# When do you put your bottle babies back outside?



## LittleGoatGal (Jan 9, 2013)

I was wondering when you put your bottle baby (age) back outside after keeping them inside?


----------



## crocee (Jul 25, 2008)

I put mine back out when they get too big to fit through the fence One of my last bottle babies would scream and push through the fence if I left her out with those mean bigger goats so I ended up putting chicken wire around the inside of her pen. After a couple days she was fine but still miffed at me. I had previously taken her out for meet and greet sessions but always took her back inside. I never had any problems out of the other goats being mean to her. As soon as I opened the gate to leave she would work her way through the fence hold and come after me. I think she was 2 months old at the time and should not have been able to fit.


----------



## Di (Jan 29, 2008)

I "try" to leave them out there from the beginning. However, we had quints born one year and brought 2 in for bottle feeding. It was cold and I was feeling lazy, so I put them in a dog crate. It was so cute, they were even house trained, but, then they started "bouncing off the walls" jumping from my DH's recliner onto my new granite counter tops! So, out they went at about 3/4 weeks old. You should have seen the look on their little faces! WHAT! I have to stay out here...with the animals?! 
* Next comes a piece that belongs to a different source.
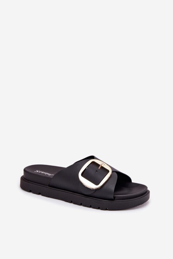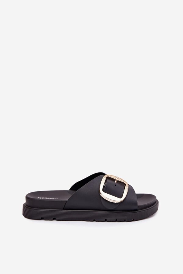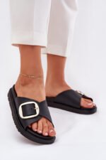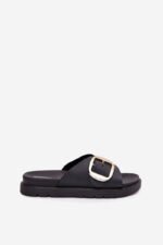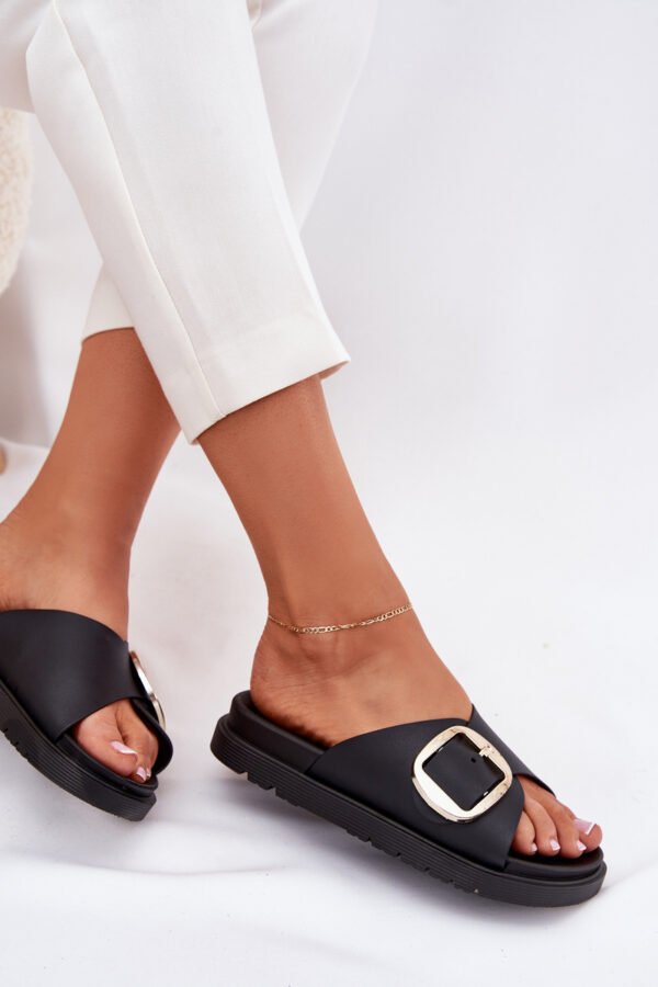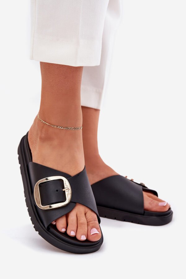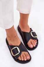 Moteriškos šlepetės pagamintos iš gumos. Įmontuotos ant platformos. Didelė auksinė sagtis suteikia joms elegancijos ir išskiria jas iš kitų modelių. Idealiai tinka kasdienai, puikiai dera prie vasariškų įvaizdžių, užtikrinant patogumą ir madingą išvaizdą. Pasirinkdami dydį, vadovaukitės dydžių lentele.

If you have had them in a "climate controlled room" you can't just put them out in the cold. It may be a couple of weeks of taking them out on warmer days and bringing them in at night...leaving out for longer periods, etc. To get them adjusted to the weather. If you can put a heater of some sort out in your barn that may be enough...depending on your weather. They have to learn to be goats...and they learn that from other goats.


----------